Secondly, Halo was one of the first, and to this day still one of the only, shooters to focus on emergent action as opposed to scripted set-pieces. In order to understand what I mean, you really need to compare it to something like Modern Warfare. In the Modern Warfare games, action in the single-player game is largely scripted, and revolves around pre-arranged set-pieces that deviate very little from playthrough to playthrough. They allow for bigger bangs and more spectacular sequences, sure, but they also get very repetitive after more than one playthrough. In contrast, action in Halo is largely non-scripted, and is defined between the Covenant/Flood AI and the player's actions. While this means that Halo usually lacks the spectacular set-pieces of the COD games, it allows the player to create their own set-pieces, using the game's mechanics as tools with which to do so.
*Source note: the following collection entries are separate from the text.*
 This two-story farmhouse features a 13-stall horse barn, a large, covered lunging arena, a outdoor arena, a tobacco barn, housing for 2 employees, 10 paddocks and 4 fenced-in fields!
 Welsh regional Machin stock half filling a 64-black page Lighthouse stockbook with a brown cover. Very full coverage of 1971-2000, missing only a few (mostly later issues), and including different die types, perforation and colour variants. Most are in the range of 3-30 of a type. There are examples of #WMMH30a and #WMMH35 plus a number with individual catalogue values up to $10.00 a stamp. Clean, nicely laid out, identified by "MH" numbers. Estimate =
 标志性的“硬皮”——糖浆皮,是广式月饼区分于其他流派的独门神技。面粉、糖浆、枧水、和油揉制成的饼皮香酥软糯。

If you want to run up to an enemy tank, plant a grenade, then escape away on the back of a friendly Warthog before it blows up, the game will allow you to do so. Alternatively, instead of grenades, you may want to ride shotgun in said Warthog while AI (or preferably a co-op teammate) drives, using a rocket-launcher to take out the tank while your team-mate drives the Warthog over a spectacular jump. Or you both may decide to ride Ghosts instead, making a convoy that destroys the tank through sheer relentless firepower.
That is where the real joy of the campaign, and indeed multiplayer, resides. Being able to pull off crazy stunts and action sequences, not becase the game scripted them, but because you wanted to see if you could pull it off. That's something that even modern shooters rarely allow for.
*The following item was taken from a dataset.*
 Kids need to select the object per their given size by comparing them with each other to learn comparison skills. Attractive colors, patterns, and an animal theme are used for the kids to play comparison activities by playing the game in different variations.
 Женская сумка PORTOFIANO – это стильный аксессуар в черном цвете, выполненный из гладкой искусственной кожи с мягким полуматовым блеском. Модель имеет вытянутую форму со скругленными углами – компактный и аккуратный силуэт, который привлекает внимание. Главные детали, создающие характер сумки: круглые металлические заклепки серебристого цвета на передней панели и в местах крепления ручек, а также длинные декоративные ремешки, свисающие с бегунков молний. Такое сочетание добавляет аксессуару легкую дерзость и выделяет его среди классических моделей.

Lastly, Halo 2 standardised online-multiplayer for console FPS's. After Xbox Live was released, but before Halo 2 came out, online shooters were a weird mish-mash of ideas. Some games would have some features, others would have others, but none had what we would recognise today as the fundamental basics of online multiplayer. Halo 2 was released and not only offered the best online action of any shooter at the time, it also standardised how games should go about handling their multiplayer. Every online shooter running on a console today owes a debt to Halo 2. That game was the single most important multiplayer shooter since Unreal.
Ultimately, it's one of those "You had to have been there" kind of things. You need to imagine a scene without Call Of Duty, Resistance, Killzone, Gears, Half-Life 2, Bioshock, etc, in order to appreciate what Halo brought to the table. At the time Halo came out, Half-Life One was seen as the pinnacle of the FPS genre. That's how far back we're going.